Cemal Pacha, membre du triumvirat
« Laissez-moi vous dire quelque chose de plus radical : une personne qui a sauvé la plupart des Arméniens durant la Première guerre mondiale n’était personne d’autre que Cemal Pacha. Et cela n’a pas été discuté jusqu’ici en raison du fait que nous avons un ensemble de problèmes politiques avec tout cela et notre champ est vraiment inondé par les avocats politiques qui sont moins des historiens qu’ils sont des fabricants d’opinions. Nous avons des rapports d’officiers de la marine allemande qui étaient à l’état-major du Pacha parce qu’il était aussi ministre de la marine. Parfois, quand il était témoin de mauvais traitements sur des déportés, il ordonnait de pendre le responsable, il n’attendait même pas que ce soit fini. Il y a beaucoup, beaucoup de témoignages arméniens d’ailleurs à ce sujet, dans leurs souvenirs. Toutefois, il ne faut pas être trop romanesque là-dessus ».
Hilmar Kaiser a toutefois déclaré que la République turque n’a pas été construite par des tueurs et que le génocide arménien n’a pas constitué un acte fondateur.
« Alors vous pouvez aussi trouver d’autres actes fondateurs comme la défaite dans les guerres balkaniques. Je veux dire que c’est un non-sens. Vous devez établir une liaison directe. Les bases de la population arménienne ont été détruites et en regardant autour de la Turquie d’aujourd’hui cela est évident et cela a eu un impact fort, mais la république n’a pas été fondée sur cela. C’est très important ; c’était une partie de l’environnement dans lequel la république a été fondée et pour autant que j’ai pu voir, je n’ai rien trouvé dans les sources contemporaines qui suggérerait que Mustafa Kemal ait été impliqué dans les meurtres. La seule chose que j’ai trouvée consiste en ce qu’il y était très opposé. Mais que plus tard son opinion sur les Arméniens a changé en rapport avec la guerre en Transcaucasie et ensuite les problèmes turco-soviétiques. Mais que l’on nous ne dise pas que ce qui est arrivé en 1915 - 1916 se prête à une interprétation selon laquelle Kemal Atatürk a suivi une politique qui n’a pas été honorable pour un officier turc ».
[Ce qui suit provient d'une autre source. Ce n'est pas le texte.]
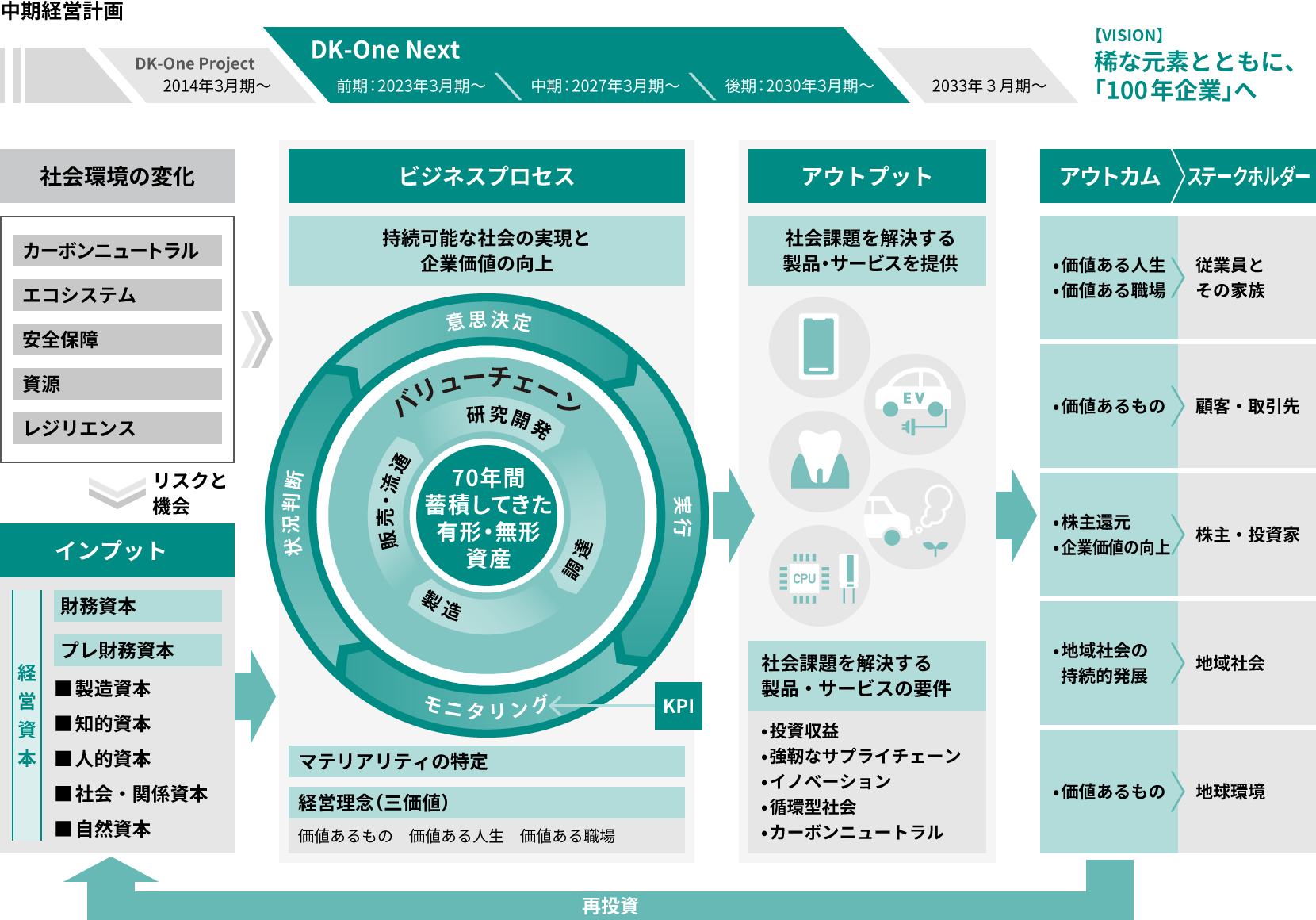 環境に優しく快適な社会の実現に向け、稀な元素「ジルコニウム」で社会課題を解決する製品・サービスを提供し続けることが、当社グループの価値創造であると考えています。中期経営計画『DK-One Next』の推進により、戦略分野へ経営資源を積極投入するなど、ステークホルダーの皆さまとの価値共創を通して、持続可能な社会の実現とさらなる企業価値の向上を目指します。

« Concernant l’armée - dans la Quatrième Armée, ils ont résisté. Si nous avons un problème avec les militaires, c’est la Troisième Armée parce qu’elle est là où les grands massacres ont eu lieu. Le problème avec la Troisième Armée consiste en ce que vous avez une sorte de çorba’ [potage en turc] parmi les officiers politiques qui devaient leur avancement rapide aux positions en rapport avec le parti ou en rapport avec leur dépendance à Enver Pacha. Les employés standards n’ont pas beaucoup aimé ces gens qui avaient gagné leur position sur le mérite.
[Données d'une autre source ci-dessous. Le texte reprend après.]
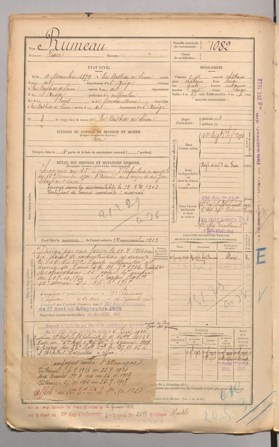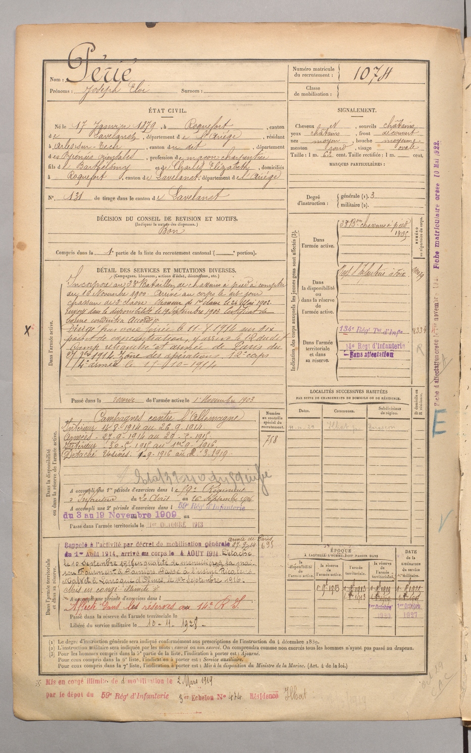 | Périé | Joseph Eloi | FOIX | 1 R 458 | 1899 | Roquefort-les-Cascades | Arles-sur-Tech | 1074 |

Deuxièmement, vous avez toute sorte d’éléments comme la soi-disant Teskilat-i Mahsusa, l’organisation spéciale, et je vous rappelle j’ai été capable d’identifier quelques-unes de ces unités qui tuaient des villageois arméniens même avant Sarikamis (1915). Ainsi là vous avez des éléments qui avaient déjà été actifs sous Abdulhamid. Ils ont juste continué cette façon de faire sous un nom différent. Nous avons besoin de précision dans la recherche et ces méga explications - l’armée, les Turcs, les Musulmans - c’est simplement ridicule et c’est seulement utile si vous souhaitez une dispute politique bon marché, ce que je ne fais pas ».